RECORDS TO USE:
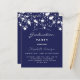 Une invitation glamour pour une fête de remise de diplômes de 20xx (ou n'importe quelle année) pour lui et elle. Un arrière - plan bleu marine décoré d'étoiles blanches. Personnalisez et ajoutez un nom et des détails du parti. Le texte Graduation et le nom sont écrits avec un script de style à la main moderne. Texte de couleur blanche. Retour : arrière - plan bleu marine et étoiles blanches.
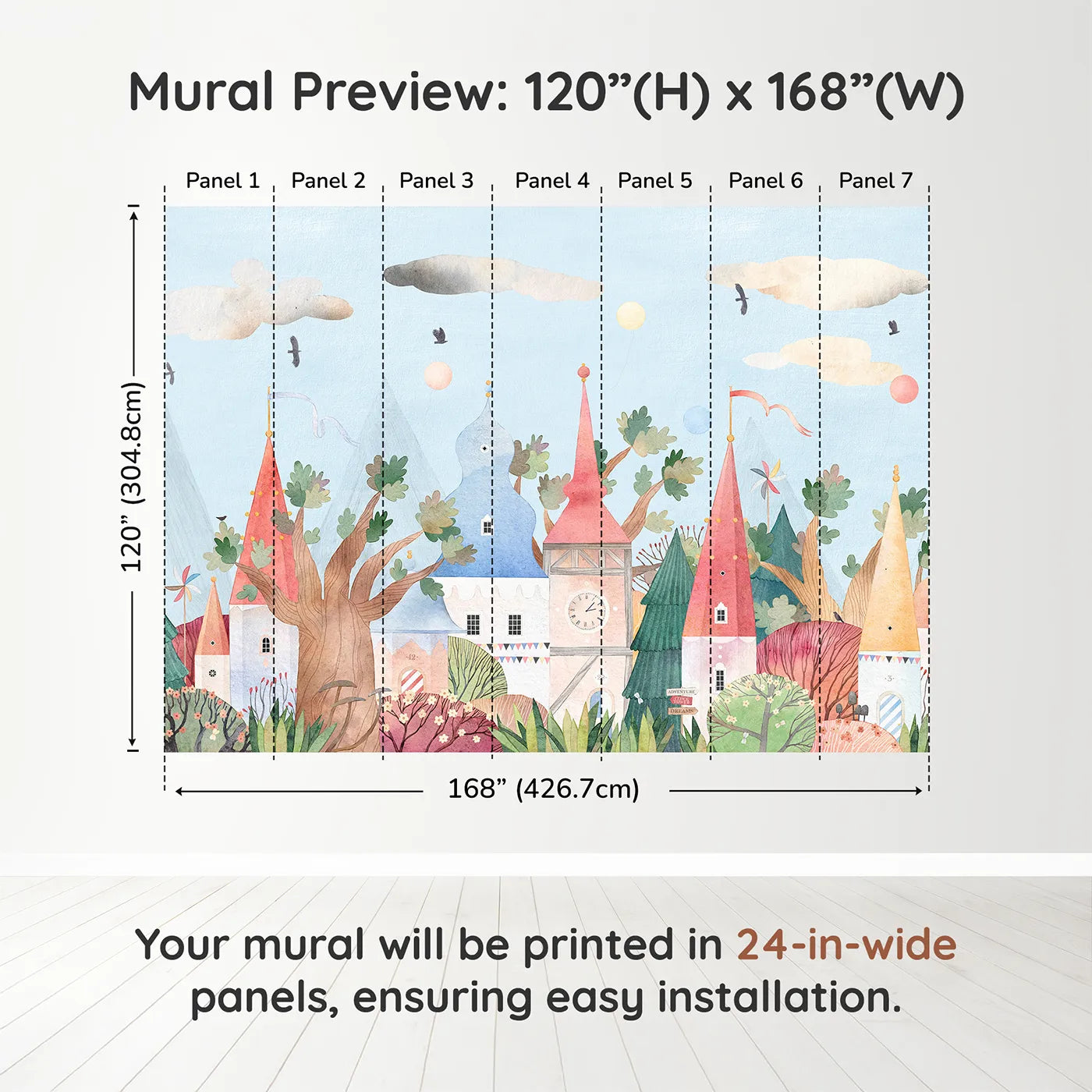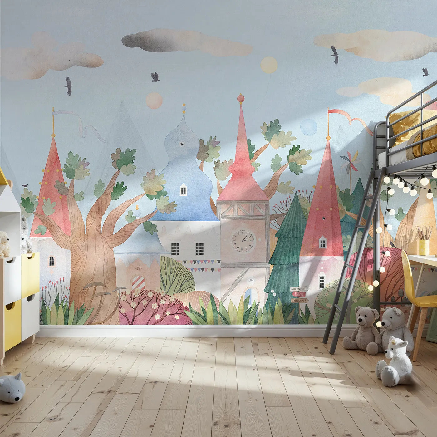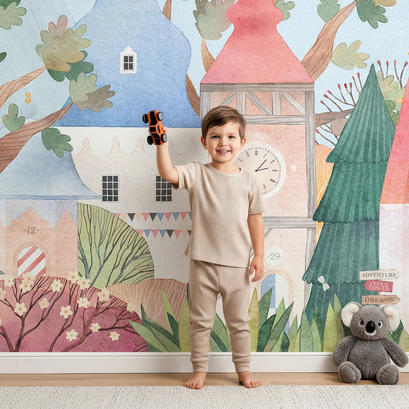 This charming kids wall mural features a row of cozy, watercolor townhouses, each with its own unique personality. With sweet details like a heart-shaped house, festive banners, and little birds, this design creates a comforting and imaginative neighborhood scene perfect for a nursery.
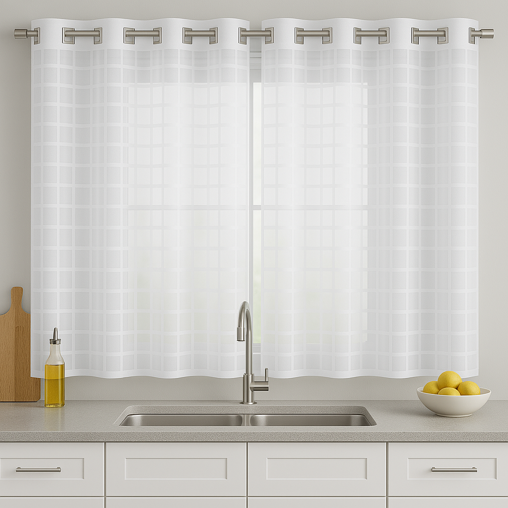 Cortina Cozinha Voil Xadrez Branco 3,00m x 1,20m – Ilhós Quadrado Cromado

...

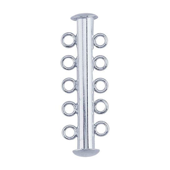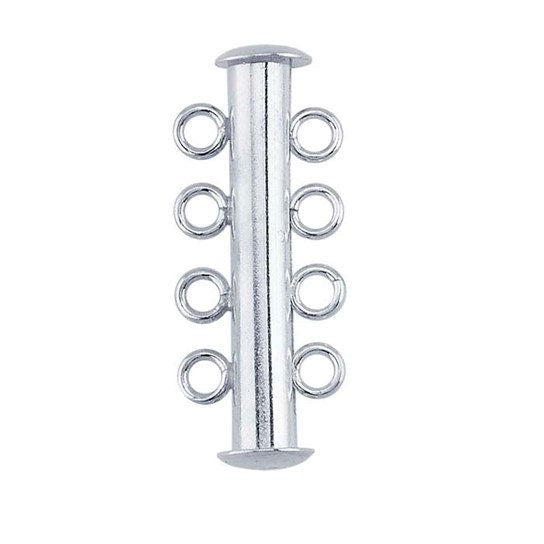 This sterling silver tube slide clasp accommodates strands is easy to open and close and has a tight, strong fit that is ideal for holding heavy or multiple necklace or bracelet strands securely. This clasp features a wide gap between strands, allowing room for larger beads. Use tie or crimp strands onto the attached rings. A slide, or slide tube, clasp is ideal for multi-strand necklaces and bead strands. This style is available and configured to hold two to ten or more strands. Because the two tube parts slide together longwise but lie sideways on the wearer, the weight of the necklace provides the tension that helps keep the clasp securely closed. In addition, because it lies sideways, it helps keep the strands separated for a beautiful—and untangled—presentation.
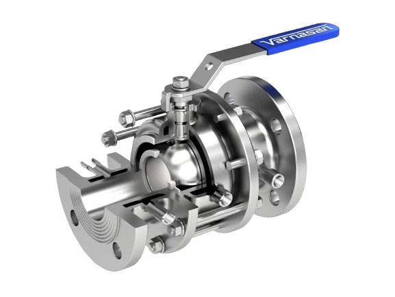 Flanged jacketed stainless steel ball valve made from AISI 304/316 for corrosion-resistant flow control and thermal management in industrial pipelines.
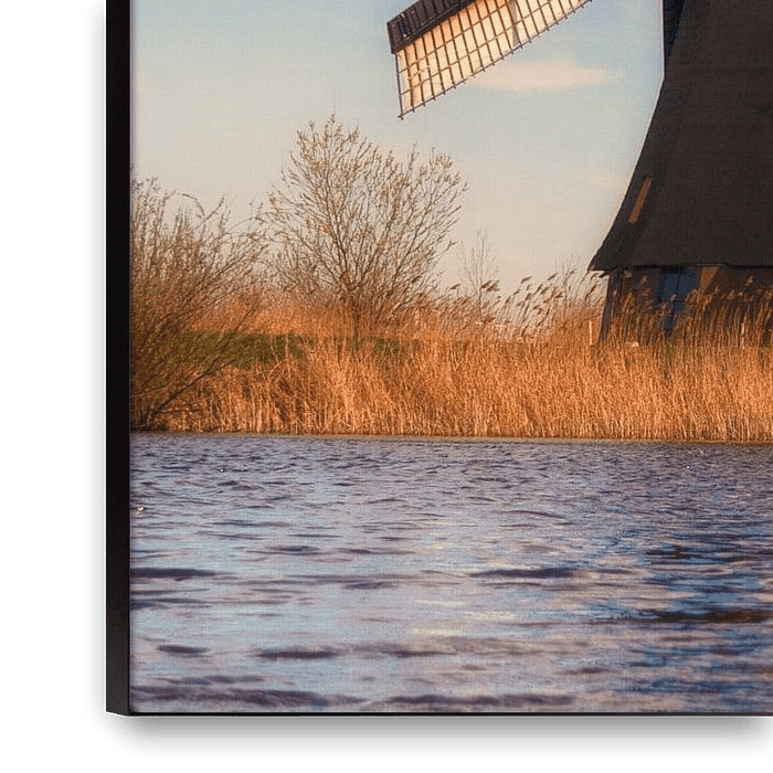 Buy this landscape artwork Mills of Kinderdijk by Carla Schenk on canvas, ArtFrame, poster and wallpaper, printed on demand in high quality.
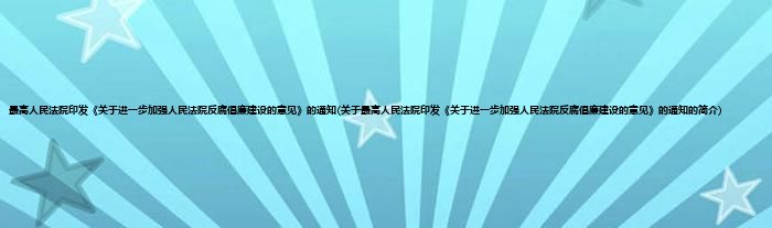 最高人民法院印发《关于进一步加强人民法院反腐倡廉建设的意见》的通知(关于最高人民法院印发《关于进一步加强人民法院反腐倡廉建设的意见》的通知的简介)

TASK OBJECTIVE: Starting with the line that contains "This charming kids" and finishing with the line that contains "Cortina Cozinha Voil", reproduce every line of the material above exactly, but not the pictures.

EXPECTED OUTPUT:
 This charming kids wall mural features a row of cozy, watercolor townhouses, each with its own unique personality. With sweet details like a heart-shaped house, festive banners, and little birds, this design creates a comforting and imaginative neighborhood scene perfect for a nursery.
 Cortina Cozinha Voil Xadrez Branco 3,00m x 1,20m – Ilhós Quadrado Cromado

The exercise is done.